◆ AIM OF THE EXERCISE ◆
Below this task are records; return each one exactly and omit its images.

◆ DATA EXCERPTS ◆

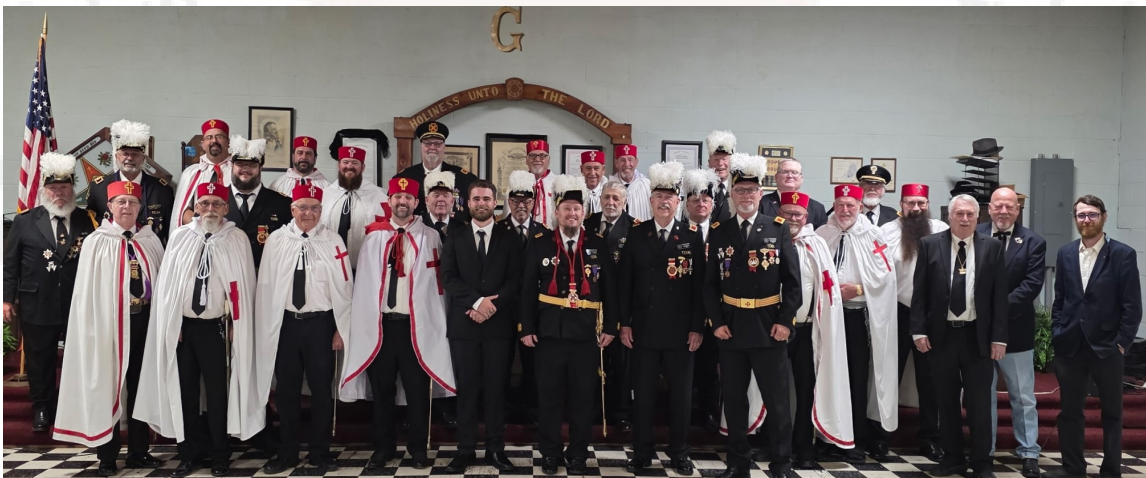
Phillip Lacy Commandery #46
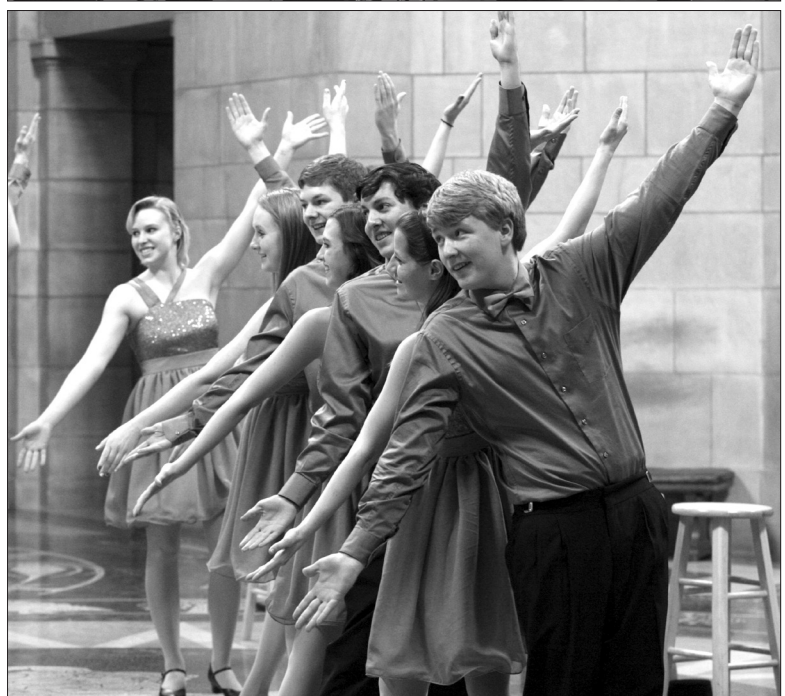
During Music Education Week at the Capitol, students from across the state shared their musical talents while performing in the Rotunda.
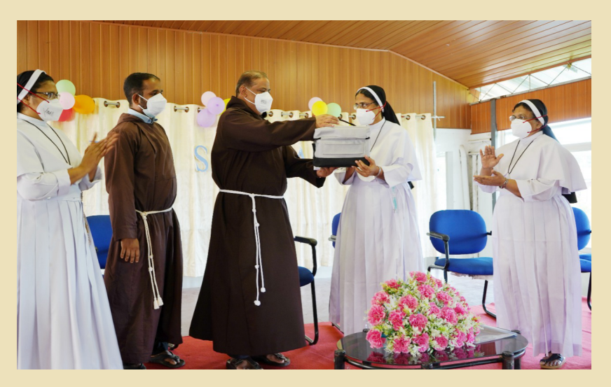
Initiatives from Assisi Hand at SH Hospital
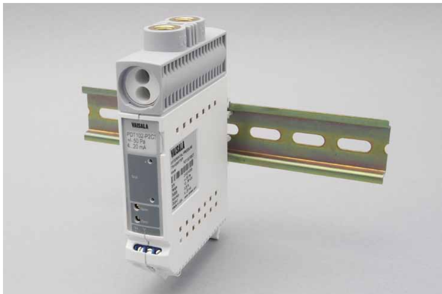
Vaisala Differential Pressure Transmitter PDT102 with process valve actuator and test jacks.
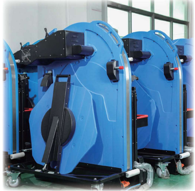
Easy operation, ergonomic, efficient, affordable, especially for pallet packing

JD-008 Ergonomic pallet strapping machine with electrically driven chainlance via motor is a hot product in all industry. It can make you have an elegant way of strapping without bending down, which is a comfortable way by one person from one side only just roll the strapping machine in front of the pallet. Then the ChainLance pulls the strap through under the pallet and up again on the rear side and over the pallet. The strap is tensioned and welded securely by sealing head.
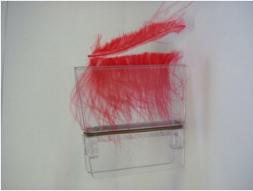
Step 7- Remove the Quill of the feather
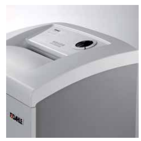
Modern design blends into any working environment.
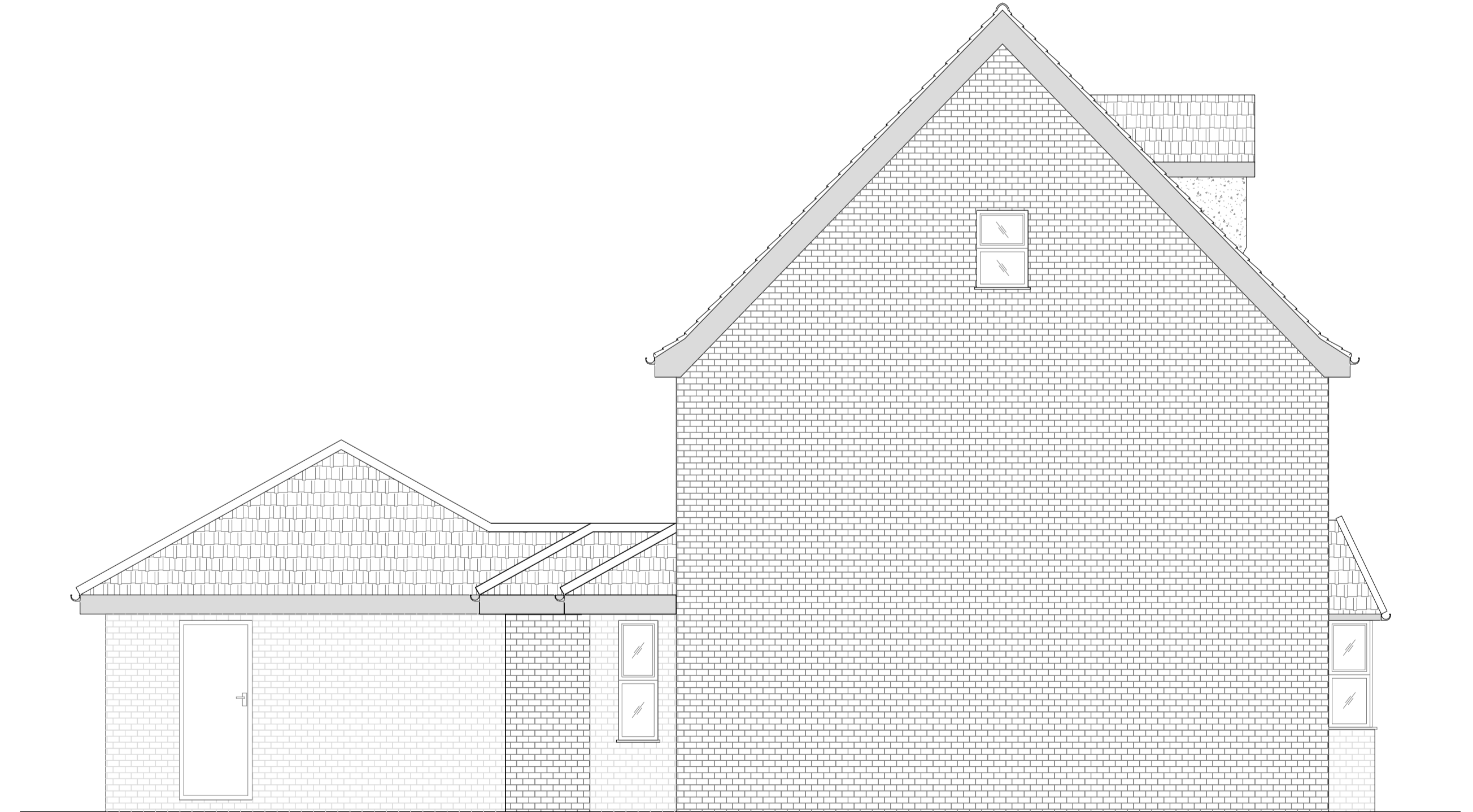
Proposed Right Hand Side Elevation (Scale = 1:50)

◆ SOLUTION TO THIS PROBLEM ◆
Phillip Lacy Commandery #46
During Music Education Week at the Capitol, students from across the state shared their musical talents while performing in the Rotunda.
Initiatives from Assisi Hand at SH Hospital
Vaisala Differential Pressure Transmitter PDT102 with process valve actuator and test jacks.
Easy operation, ergonomic, efficient, affordable, especially for pallet packing

JD-008 Ergonomic pallet strapping machine with electrically driven chainlance via motor is a hot product in all industry. It can make you have an elegant way of strapping without bending down, which is a comfortable way by one person from one side only just roll the strapping machine in front of the pallet. Then the ChainLance pulls the strap through under the pallet and up again on the rear side and over the pallet. The strap is tensioned and welded securely by sealing head.
Step 7- Remove the Quill of the feather
Modern design blends into any working environment.
Proposed Right Hand Side Elevation (Scale = 1:50)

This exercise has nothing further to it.